> [Task to complete]:
Copy exactly the lines from the one containing "Detské náušničky v" through the last line of the records below, including both, and leave out any pictures.

> [Exercise data]:
^^^^

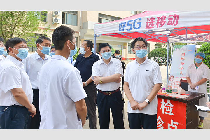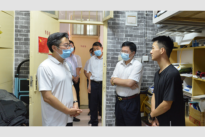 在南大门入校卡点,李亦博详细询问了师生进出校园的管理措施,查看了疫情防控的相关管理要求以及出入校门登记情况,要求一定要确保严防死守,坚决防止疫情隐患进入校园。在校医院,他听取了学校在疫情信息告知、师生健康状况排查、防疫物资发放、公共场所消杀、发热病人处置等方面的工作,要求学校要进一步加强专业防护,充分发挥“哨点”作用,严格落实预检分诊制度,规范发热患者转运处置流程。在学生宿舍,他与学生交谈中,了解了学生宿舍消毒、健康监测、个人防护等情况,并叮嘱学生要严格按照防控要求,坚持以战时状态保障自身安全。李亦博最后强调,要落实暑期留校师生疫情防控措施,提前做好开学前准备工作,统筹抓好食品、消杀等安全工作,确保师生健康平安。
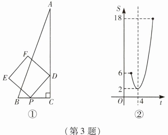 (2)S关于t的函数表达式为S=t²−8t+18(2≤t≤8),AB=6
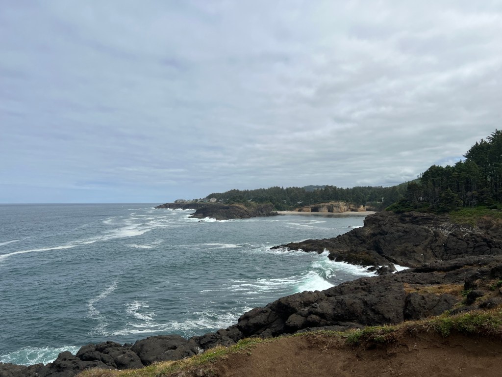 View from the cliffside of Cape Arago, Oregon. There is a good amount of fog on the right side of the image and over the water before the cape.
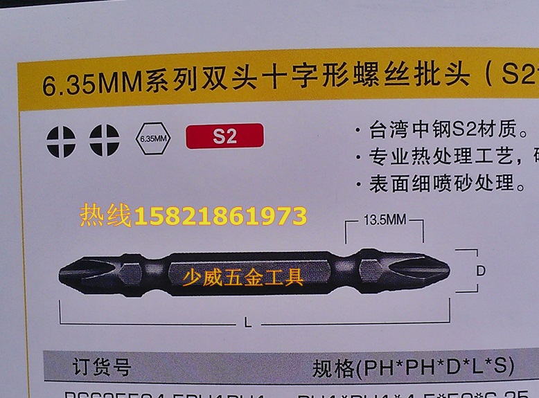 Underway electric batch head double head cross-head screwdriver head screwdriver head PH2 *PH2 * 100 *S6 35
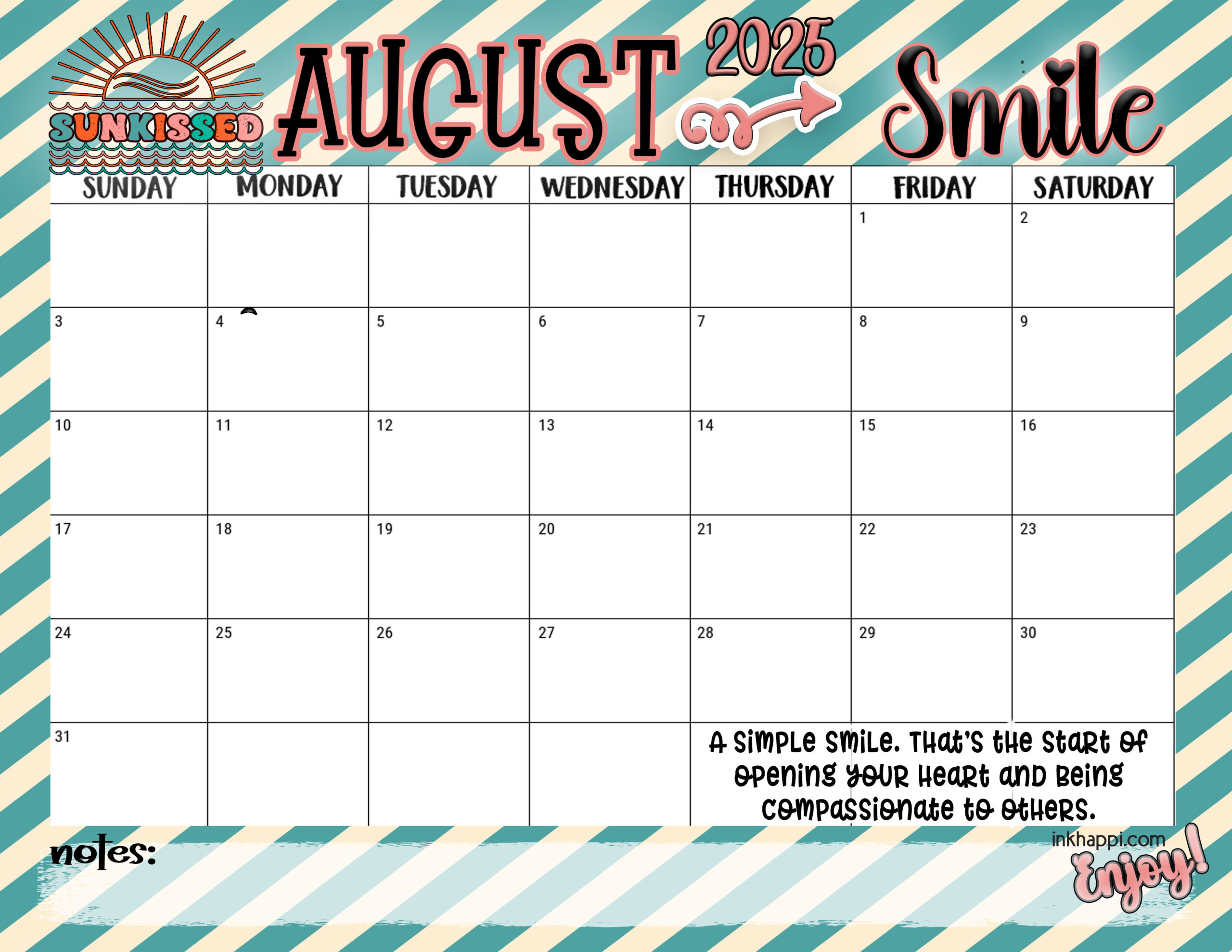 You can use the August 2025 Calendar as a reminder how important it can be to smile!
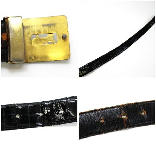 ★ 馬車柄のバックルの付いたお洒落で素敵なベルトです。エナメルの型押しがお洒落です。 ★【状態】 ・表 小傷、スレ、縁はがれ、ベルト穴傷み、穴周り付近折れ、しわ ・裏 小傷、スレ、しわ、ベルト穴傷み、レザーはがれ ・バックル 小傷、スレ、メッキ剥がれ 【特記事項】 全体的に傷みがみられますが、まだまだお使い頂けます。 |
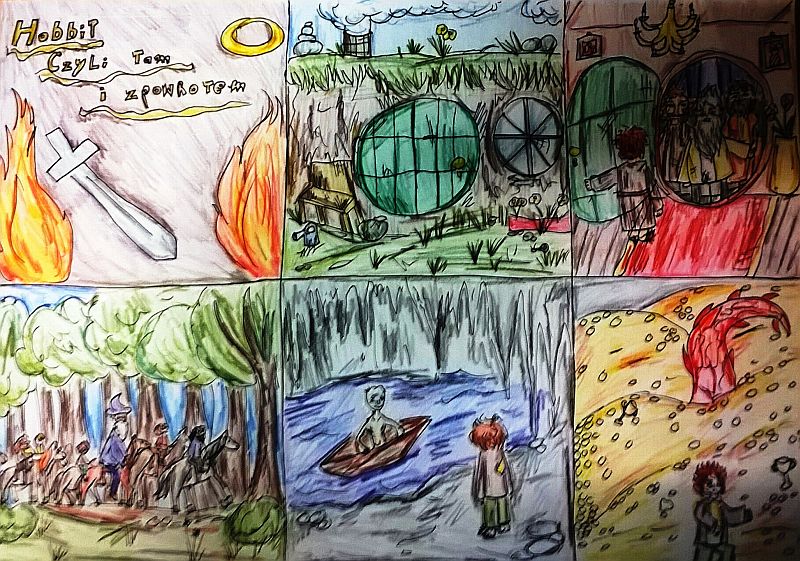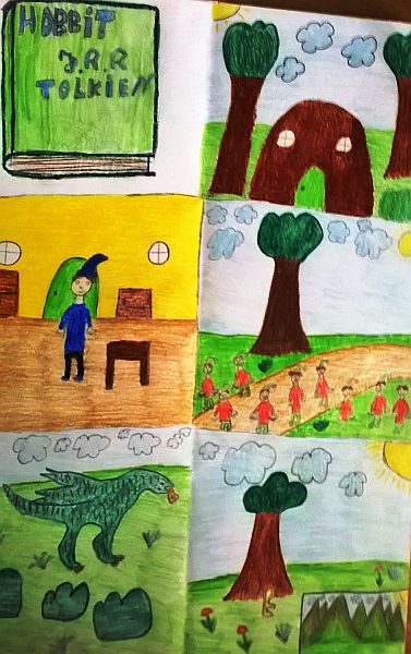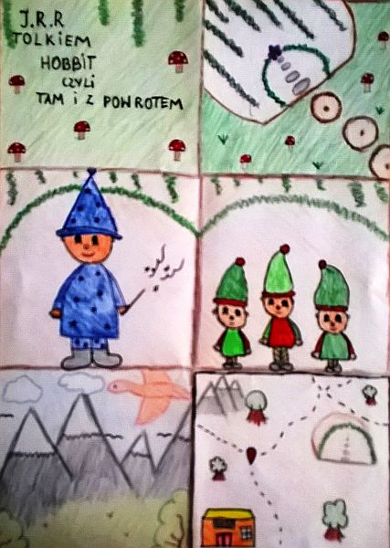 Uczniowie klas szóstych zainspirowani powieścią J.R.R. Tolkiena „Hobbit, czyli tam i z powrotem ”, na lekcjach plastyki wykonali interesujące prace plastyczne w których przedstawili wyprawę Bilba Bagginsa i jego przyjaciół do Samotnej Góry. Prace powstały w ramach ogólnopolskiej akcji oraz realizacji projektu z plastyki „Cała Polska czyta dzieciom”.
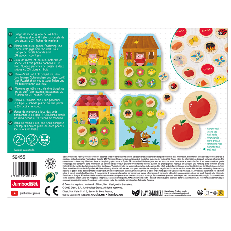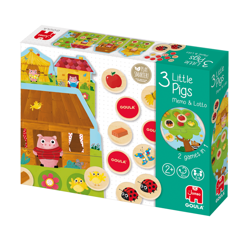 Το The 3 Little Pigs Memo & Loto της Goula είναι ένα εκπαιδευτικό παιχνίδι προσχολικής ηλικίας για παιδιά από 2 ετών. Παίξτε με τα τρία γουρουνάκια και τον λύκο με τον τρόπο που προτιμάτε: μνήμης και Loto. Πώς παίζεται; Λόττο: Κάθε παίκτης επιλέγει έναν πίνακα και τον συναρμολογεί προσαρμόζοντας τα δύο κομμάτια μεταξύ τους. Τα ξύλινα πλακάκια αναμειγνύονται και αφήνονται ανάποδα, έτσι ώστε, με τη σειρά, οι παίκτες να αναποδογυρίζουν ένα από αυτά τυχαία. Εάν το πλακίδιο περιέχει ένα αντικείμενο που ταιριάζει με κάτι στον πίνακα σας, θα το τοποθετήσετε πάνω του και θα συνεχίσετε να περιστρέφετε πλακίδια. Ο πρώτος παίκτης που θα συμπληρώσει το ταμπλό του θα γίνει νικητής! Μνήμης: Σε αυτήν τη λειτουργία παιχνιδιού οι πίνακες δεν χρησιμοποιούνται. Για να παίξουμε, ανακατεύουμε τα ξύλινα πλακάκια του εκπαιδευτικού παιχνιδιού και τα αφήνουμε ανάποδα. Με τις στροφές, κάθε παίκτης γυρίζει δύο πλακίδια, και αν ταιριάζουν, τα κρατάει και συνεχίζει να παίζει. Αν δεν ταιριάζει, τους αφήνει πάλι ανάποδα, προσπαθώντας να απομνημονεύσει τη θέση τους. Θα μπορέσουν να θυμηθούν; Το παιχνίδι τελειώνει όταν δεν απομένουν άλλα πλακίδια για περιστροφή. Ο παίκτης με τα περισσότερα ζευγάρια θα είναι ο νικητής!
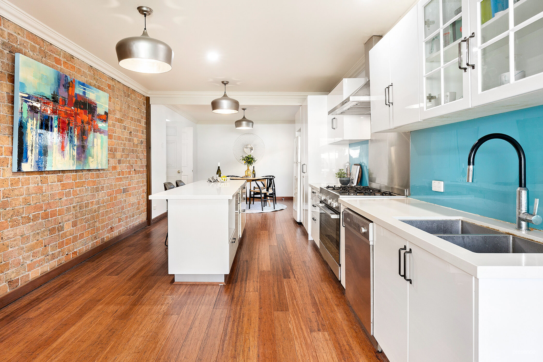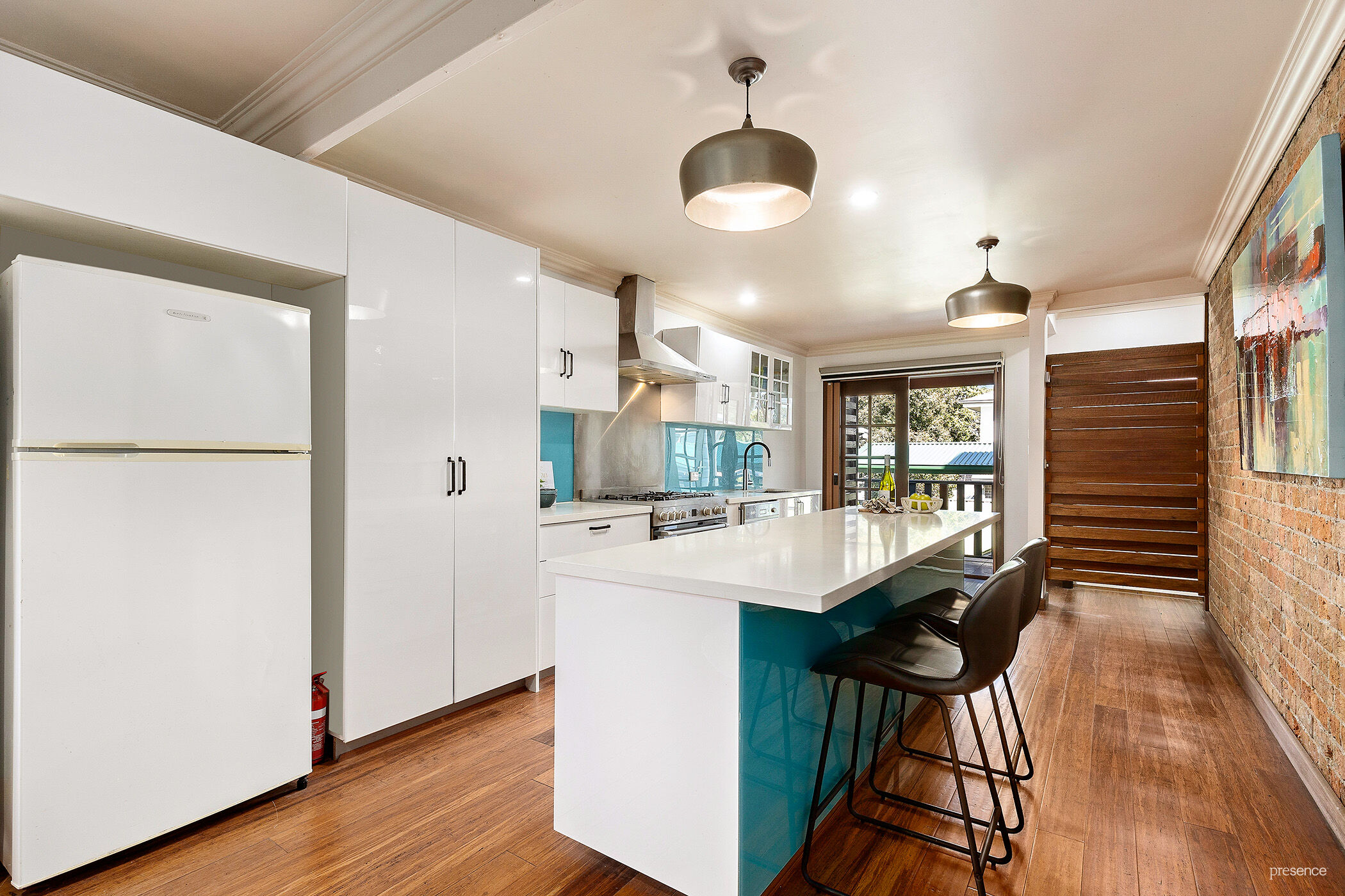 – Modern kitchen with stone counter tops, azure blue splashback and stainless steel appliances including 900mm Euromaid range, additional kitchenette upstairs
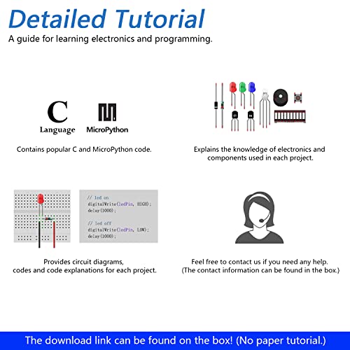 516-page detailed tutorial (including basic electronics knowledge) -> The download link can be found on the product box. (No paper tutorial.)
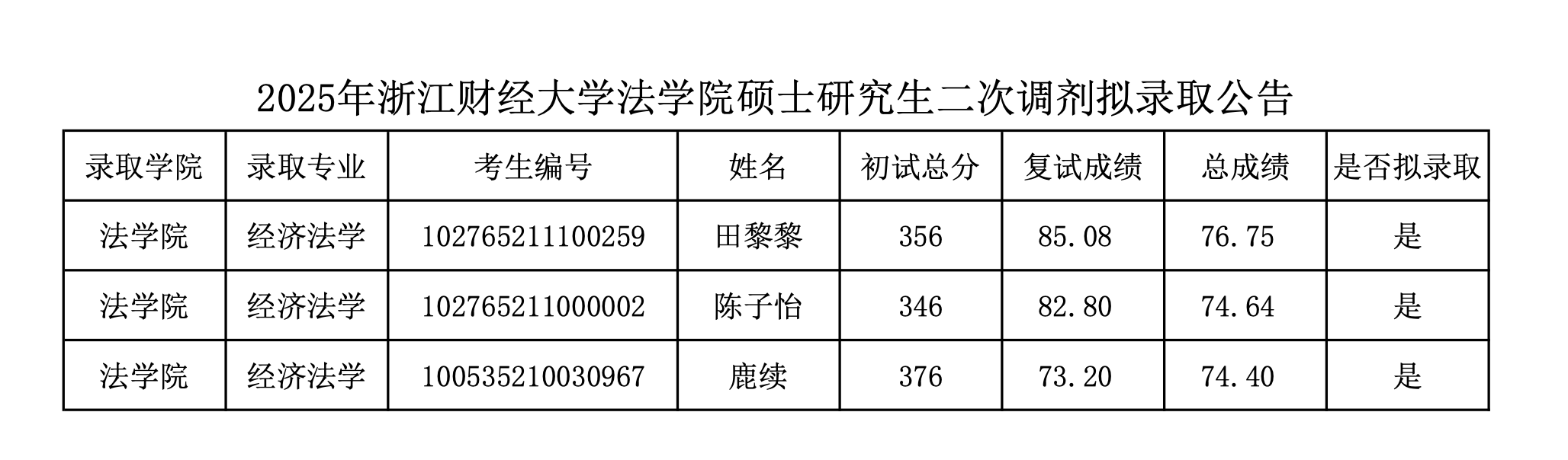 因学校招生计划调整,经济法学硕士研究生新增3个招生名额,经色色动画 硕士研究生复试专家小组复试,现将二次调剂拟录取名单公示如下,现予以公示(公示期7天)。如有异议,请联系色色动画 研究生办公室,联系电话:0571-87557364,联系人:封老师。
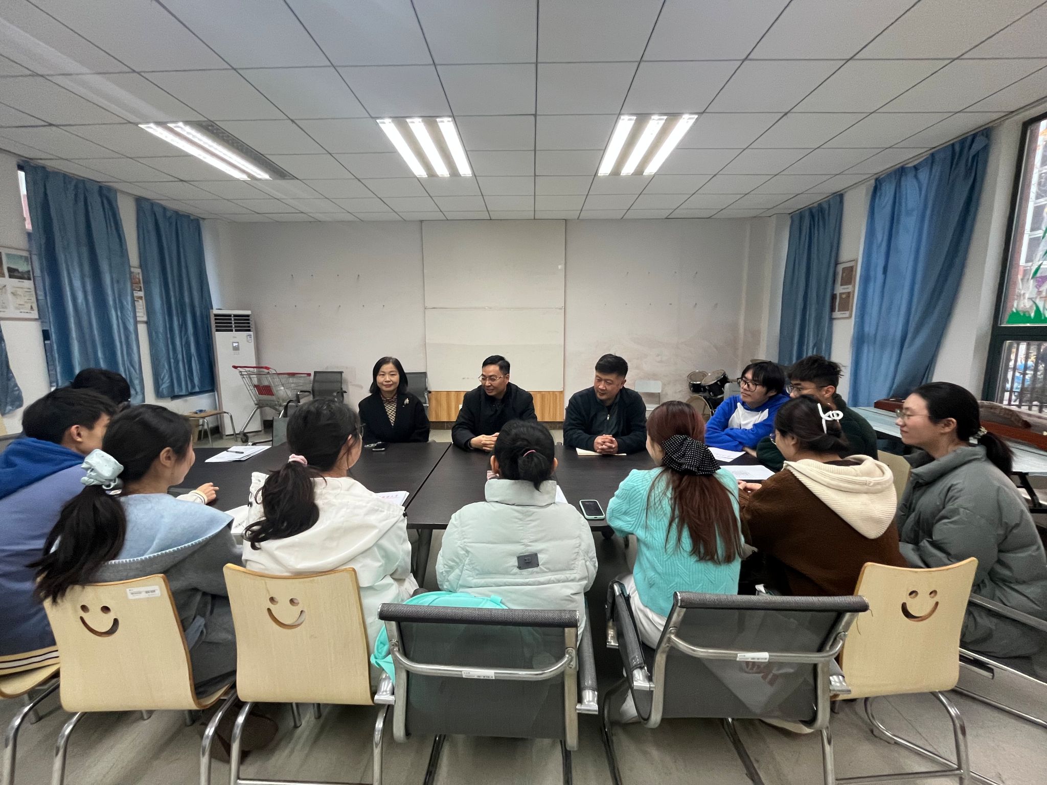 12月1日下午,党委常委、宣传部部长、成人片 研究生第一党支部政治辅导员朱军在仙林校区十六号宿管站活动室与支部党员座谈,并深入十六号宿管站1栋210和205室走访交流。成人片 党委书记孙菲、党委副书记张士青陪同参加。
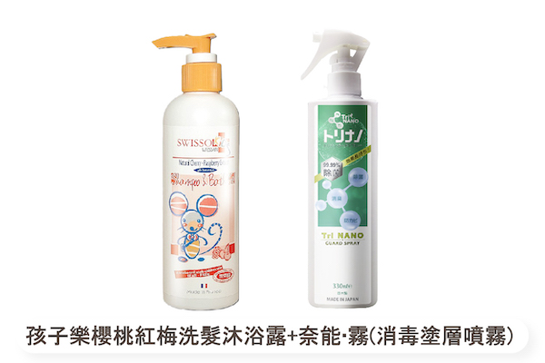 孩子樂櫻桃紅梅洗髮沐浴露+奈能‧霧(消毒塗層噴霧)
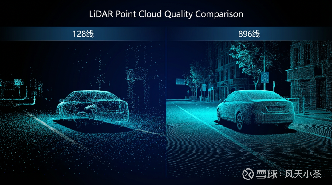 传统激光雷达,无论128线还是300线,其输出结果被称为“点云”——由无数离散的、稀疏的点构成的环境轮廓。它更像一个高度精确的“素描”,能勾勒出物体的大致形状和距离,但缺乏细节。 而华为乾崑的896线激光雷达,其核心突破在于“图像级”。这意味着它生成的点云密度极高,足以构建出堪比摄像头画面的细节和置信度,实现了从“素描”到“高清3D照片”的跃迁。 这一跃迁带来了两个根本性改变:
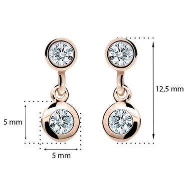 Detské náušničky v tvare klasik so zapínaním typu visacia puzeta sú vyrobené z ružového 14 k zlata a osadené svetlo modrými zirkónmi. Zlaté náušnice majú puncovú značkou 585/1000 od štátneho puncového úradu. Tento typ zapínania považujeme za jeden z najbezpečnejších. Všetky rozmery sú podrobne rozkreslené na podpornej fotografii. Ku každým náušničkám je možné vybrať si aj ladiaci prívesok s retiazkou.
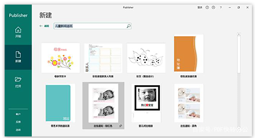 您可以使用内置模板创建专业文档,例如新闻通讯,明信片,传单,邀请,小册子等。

^^^^

> [Exercise solution]:
 Detské náušničky v tvare klasik so zapínaním typu visacia puzeta sú vyrobené z ružového 14 k zlata a osadené svetlo modrými zirkónmi. Zlaté náušnice majú puncovú značkou 585/1000 od štátneho puncového úradu. Tento typ zapínania považujeme za jeden z najbezpečnejších. Všetky rozmery sú podrobne rozkreslené na podpornej fotografii. Ku každým náušničkám je možné vybrať si aj ladiaci prívesok s retiazkou.
 您可以使用内置模板创建专业文档,例如新闻通讯,明信片,传单,邀请,小册子等。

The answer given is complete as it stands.